U15 · Applied / clinical microbiology
- Industrial fermentation
- Lactic acid (yogurt, sauerkraut), ethanol (beer, fuel), penicillin (Penicillium), insulin (recombinant E. coli), citric acid (Aspergillus).
- Bioremediation
- Microbes degrade pollutants: Pseudomonas on hydrocarbons, Geobacter on uranium, Dehalococcoides on chlorinated solvents.
- Vaccine types
- Live attenuated (MMR, OPV), inactivated (IPV, flu), subunit (HBV), toxoid (DT, TT), conjugate (Hib, pneumococcal), mRNA (COVID).

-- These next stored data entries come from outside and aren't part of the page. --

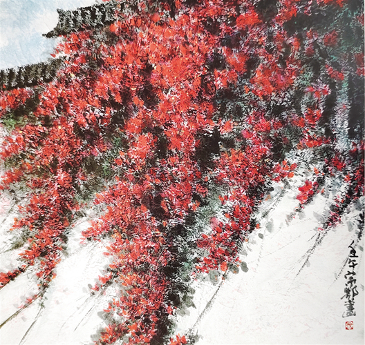 寇宗鄂:由于我的先天不足和后天缺失,讀書雜而不精,僅憑悟性和直覺對待藝術。我學工藝美術,需要運用多種表現(xiàn)手法,包括進口材料及吸取西畫的造型與色彩。有段時期批判封資修,停止古畫的臨摹復制。我多數(shù)時間是辦展覽或去工廠、農(nóng)村及部隊,繪制毛主席像和韶山、井岡山風景,全都是油畫。因而具備了中西結合的基礎。幾次出訪對現(xiàn)代藝術的了解,進一步激活了我創(chuàng)新求變的意識。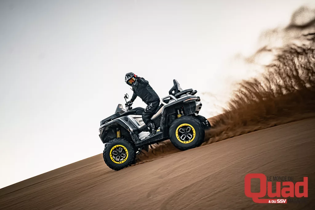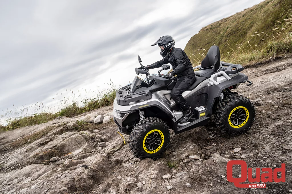 Pour les utilisateurs en quête de puissance, le Redstone 1000 arrive avec des arguments lourds. Son bicylindre en V revendique 98 ch et 92 Nm, faisant de lui l’un des quads les plus puissants de sa catégorie. Conçu uniquement en version Chassis Long Edition Premium ABS, il adopte un équipement très complet : ABS, direction assistée, suspension à gaz réglable, treuil 3500 lbs, jantes aluminium 14’’, siège et poignées chauffantes… Le tout à un tarif annoncé de 11 999 € TTC.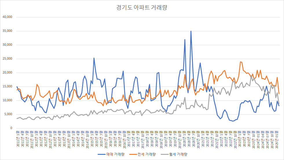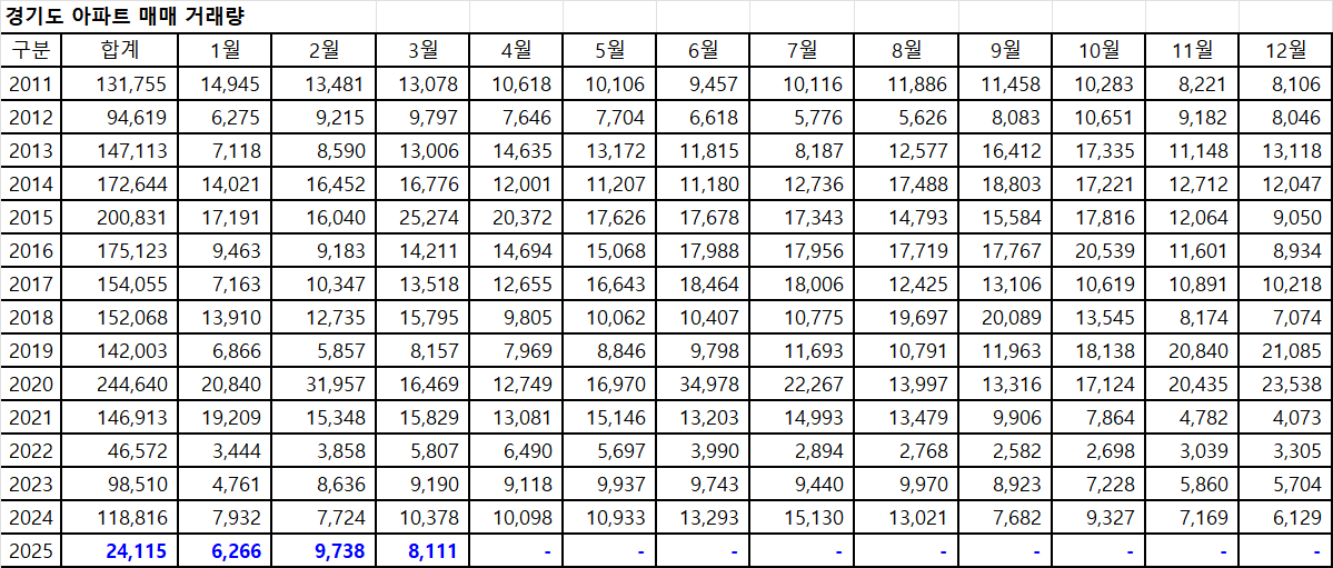 아래 표는 경기도아파트 매매 거래량입니다.
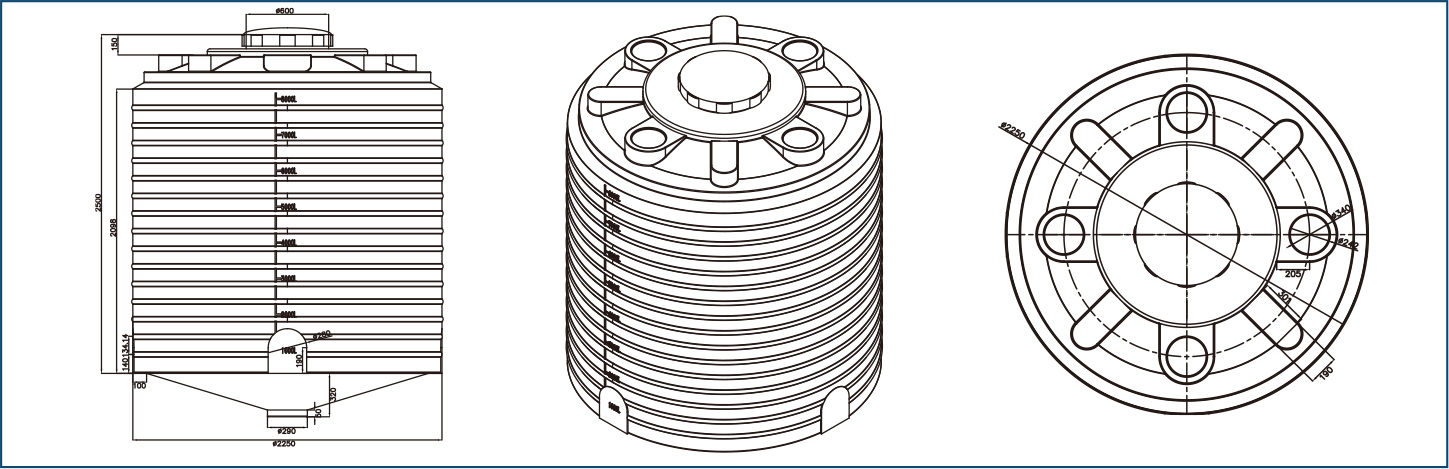 锥底储罐选用韩国进口食品级PE原料(LLDPE),产品一次性滚塑成型,无焊缝,耐磨耐老化。桶体为倾斜锥底和底部正中间锥底,配相应的支撑底架。桶内液体可一次排净,无残留物,方便清洗。产品广泛运用于供水蓄水,水处理、化工、环保、建筑、化工、稀土、染料、食品原料、医药等各行业。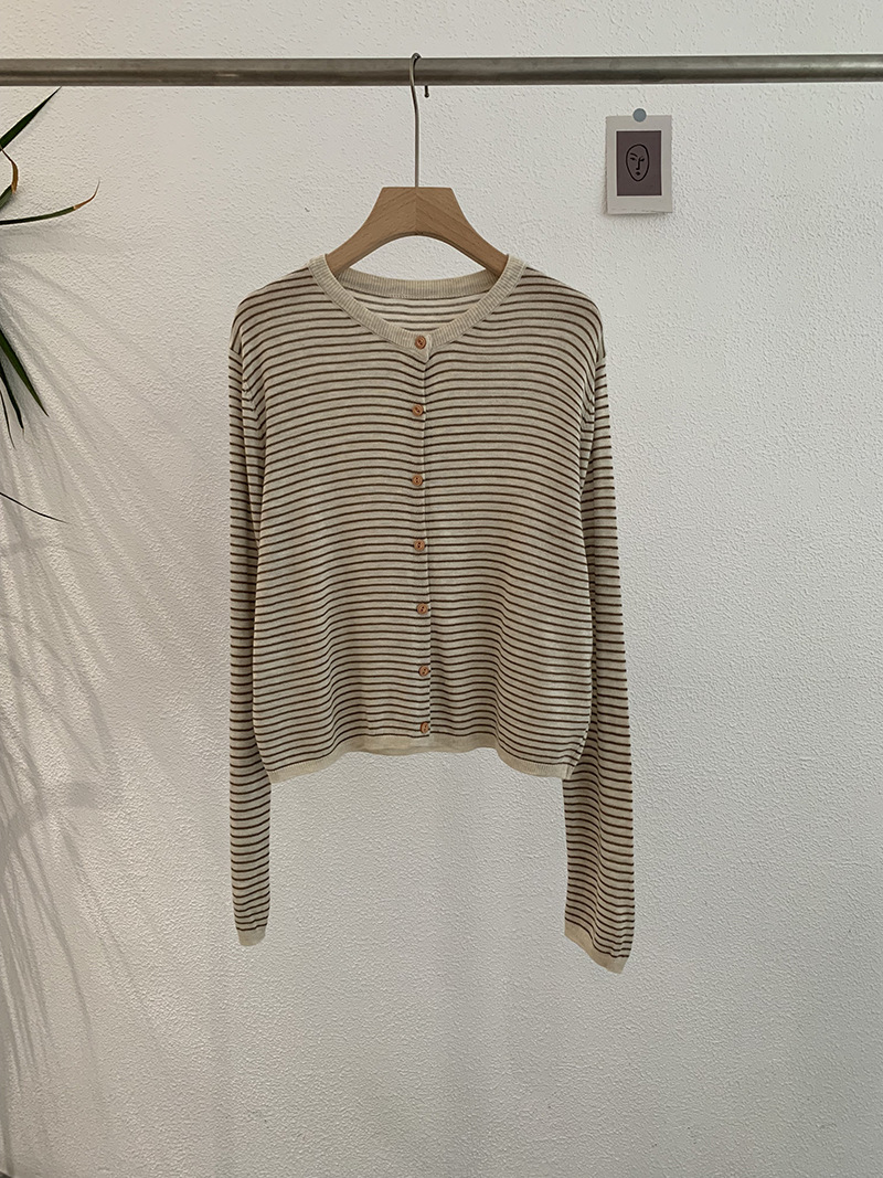 가을 느슨한 둥근 목 다재다능한 부드럽고 섬세한 스웨터 재킷 한국식 여성 의류 대조 컬러 줄무늬 니트 카디건스토어 가기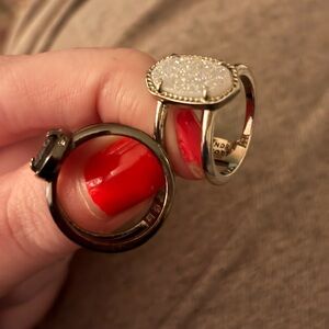 Chic Kendra Scott rings with black and iridescent white stones. Ideal for any occasion. This listing is for BOTH rings, but can be bought separately upon request. just message me first! the rings are a size 7 but would fit best on a size 6.
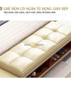 Chiếc ghế dài được tích hợp khung rỗng bên dưới, có thể dùng chứa giày, dép, dép trong nhà…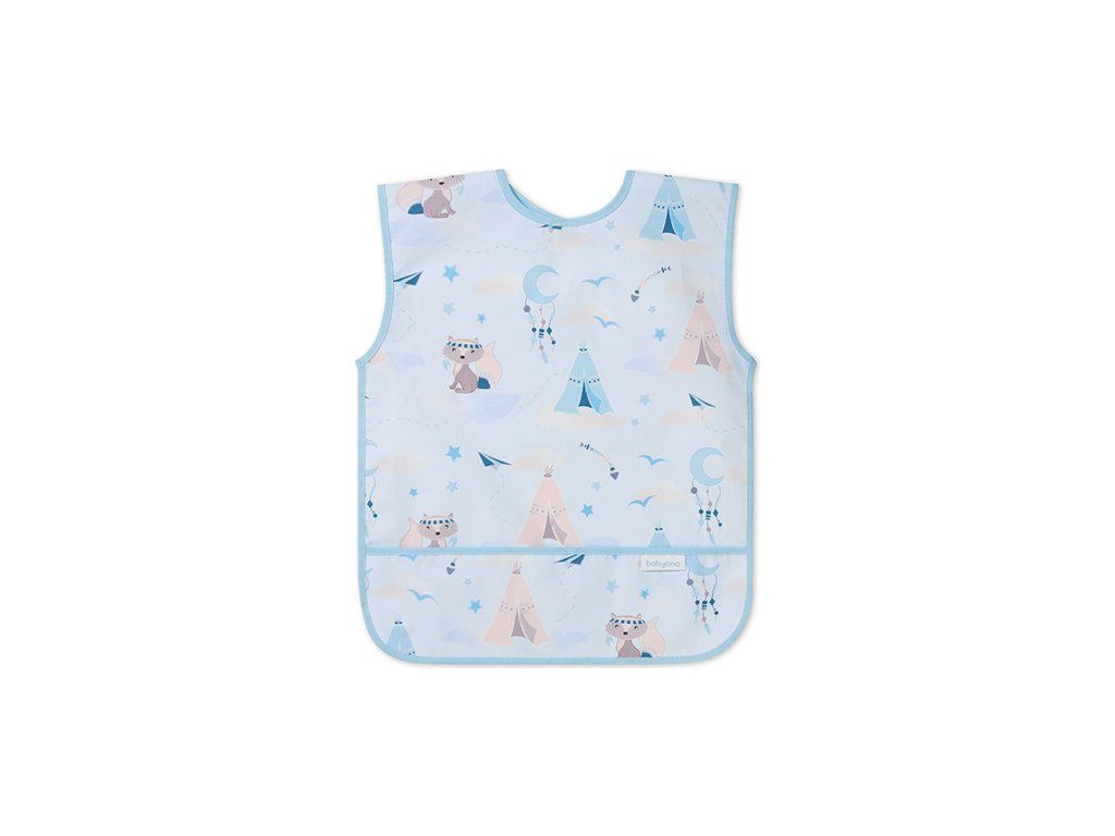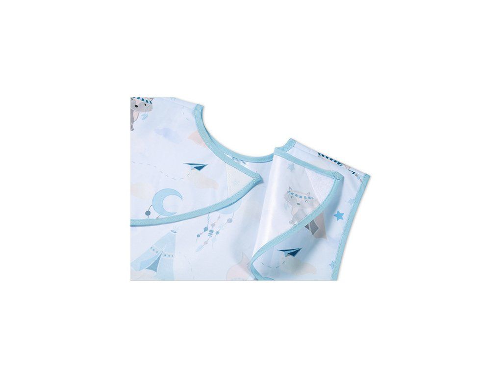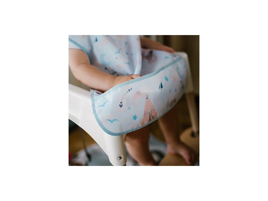 Fartuszek zabezpieczy ubranie malucha przed plamami. Sprawdzi się podczas codziennych posiłków, nauki jedzenia, a także zabawy i zajęć plastycznych.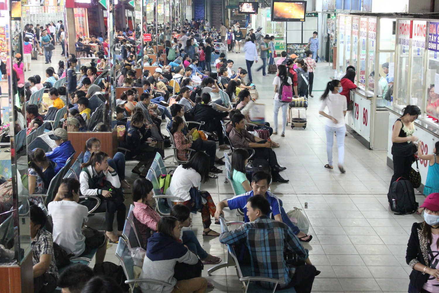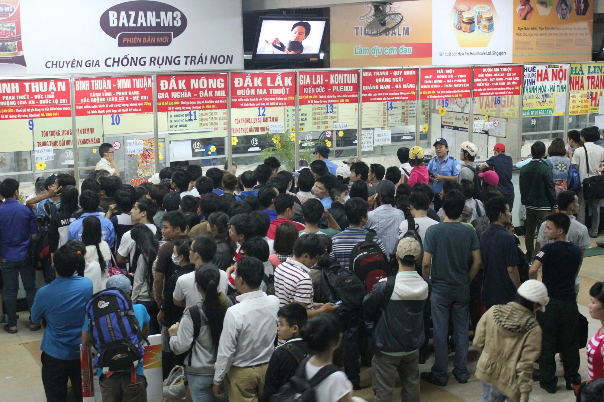| Cũng thời điểm này, nhiều người đang còn phải xếp hàng để mua vé về các tỉnh Tây Nguyên, Bình Thuận, Ninh Thuận. |

- Sterilization vs disinfection
- Sterilization eliminates ALL microbes (autoclave 121°C 15 psi 15 min). Disinfection reduces pathogens on inanimate surfaces. Antisepsis on living tissue.
- Lab diagnosis
- Culture + Gram stain + biochemical tests + MALDI-TOF + 16S rRNA + PCR. Rapid Ag/Ab tests for select pathogens.
Rowen-targeted exam tips
- Know P. aeruginosa in detail: Gram-negative, motile, biofilm-forming, mucoid in CF (mucA → AlgT → alginate), MDR via efflux + porin + β-lactamases.
- Be ready to diagram T3SS / T4SS / T6SS; know representative pathogens for each.
- For lac vs trp: know inducible vs repressible, allolactose vs Trp as effector, attenuation in trp.
- Differentiate Bacteria vs Archaea: peptidoglycan vs pseudopep, ester vs ether lipids, σ factor vs eukaryotic-like RNA pol.
- Memorize 4 antibiotic classes by target + 3-4 resistance mechanisms with examples (MRSA, VRE, ESBL, CRE).